On running, servlet throws this error:
java.lang.OutOfMemoryError: Java heap space
It seems the issue is while writing json data. Server is unable to allocate contiguous memory of size> 50 MB to the String.
I am unable to figure out fix for this issue. How can I send huge JSON object from Servlet?
json.toString() is likely to cause the error. It is creating one big string from the already existing json object before anything has been send out.
Slurping everything into memory is convenient, but not very wise when it comes to any limitations. Process your database records one by one and stream immediately to the client instead of copying around in memory. Rule of thumb: "Any limitation given will be exceeded at some time."
Splitting the JSON data structure into smaller parts is definitely one way to solve the problem at hand. But an alternative via heap size increase might do the job in this case as well.

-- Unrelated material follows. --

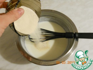 Добавить яйца, всыпать муку, перемешать. Оставить на столе на 30 мин.

The “java.lang.OutOfMemoryError: Java heap space” error will be triggered when you try to add more data into the heap space area in memory, but the size of this data is larger than the JVM can accommodate in the Java heap space.
Note that JVM gets a limited amount of memory from the OS, specified during startup. There are several startup parameters controlling the separate regions of memory allocated, but in your case you are interested in heap region, which you can set (or increase if present) similar to the following example setting your heap size to 1GB:
java -Xmx1024m com.mycompany.MyClass